원시 경험에서 스킬 소비로: 모델 생성 에이전트 스킬에 대한 체계적 연구

초록

언어 에이전트는 과거 경험에서 정제된 구조화된 절차적 인공물인 기술을 재사용함으로써 점차 개선되고 있다. 특히 도메인 수준 및 모델 생성 기술이 유망하다. 이들은 도메인 특화 반복 절차를 인코딩하여 해당 도메인 내에서 빠른 적응을 가능하게 하며, 노동 집약적인 수작업을 넘어 확장 가능하다. 그러나 추출 방법이 계속해서 증가하는 반면, 이해는 여전히 제한적이며, 경험 생성, 기술 추출, 기술 소비를 아우르는 전체 기술 수명 주기를 포괄하는 종합적인 연구는 부재하여, 이러한 기술이 실제로 작동하는지, 언제 작동하는지, 무엇이 성공 또는 실패를 결정하는지에 대한 질문에 답하지 못하고 있다. 이러한 격차를 해소하기 위해, 우리는 다섯 가지 다양한 에이전트 작업 도메인을 포괄하며 추출기와 대상 에이전트에 걸친 체계적인 실험 결과를 제공하는 유용성 기반 평가 프레임워크를 구축한다. 우리는 모델 생성 기술이 평균적으로 유용하지만 무시할 수 없는 부정적 전이를 나타내며, 추출기와 대상 모두 균일하게 작동하지 않는다는 것을 발견했다. 특정 모델은 강력한 추출기이면서도 약한 소비자가 될 수 있으며, 그 반대의 경우도 가능하며, 기술 유용성은 모델 규모나 기준 작업 성능과 무관하다. 이러한 패턴을 설명하기 위해, 우리는 각 수명 주기 단계를 심층적으로 분석하여 경험 구성이 기술 품질을 어떻게 형성하는지, 유용한 기술의 특성은 무엇인지, 동일한 기술이 다양한 소비자에게 어떻게 전이되는지 살펴본다. 마지막으로, 이러한 발견을 실제 유용성과 연계된 특징을 향해 기술 추출을 안내하는 구체적인 메타 기술로 전환하여, 도메인 전반에서 기술 품질을 일관되게 개선하고 부정적 전이를 상당히 감소시킨다.

English

Language agents increasingly improve by reusing skills -- structured procedural artifacts distilled from past experience.
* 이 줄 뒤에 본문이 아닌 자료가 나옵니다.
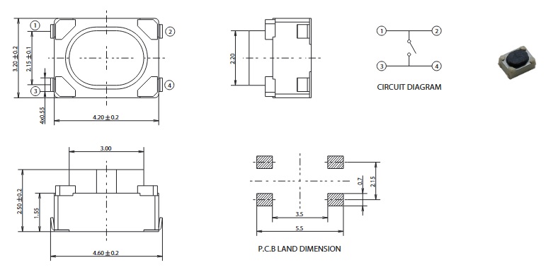 Veľkosť: 4,2 x 3,2 x 2,4 mm.

In particular, domain-level and model-generated skills are especially promising. They offer fast adaptation within a domain by encoding domain-specific recurring procedures, and they scale beyond labor-intensive hand-crafting. However, while extraction methods continue to proliferate, understanding remains limited, with no comprehensive study spanning the full skill lifecycle -- experience generation, skill extraction, and skill consumption -- to ask whether such skills actually work, when they work, and what makes them succeed or fail. To close this gap, we build a utility-grounded evaluation framework that provides systematic experimental results across extractors and target agents, covering five diverse agentic task domains. We find that model-generated skills are beneficial on average but exhibit non-trivial negative transfer, and that neither extractors nor targets behave uniformly. A model can be a strong extractor yet a weak consumer, or vice versa, with skill utility independent of model scale or baseline task strength. To explain these patterns, we then dissect each lifecycle stage in depth, analyzing how experience composition shapes skill quality, what properties characterize useful skills, and how the same skill transfers across different consumers. Finally, we translate these findings into a concrete meta-skill that guides skill extraction toward the features tied to actual utility, which consistently improves skill quality across domains and substantially reduces negative transfer.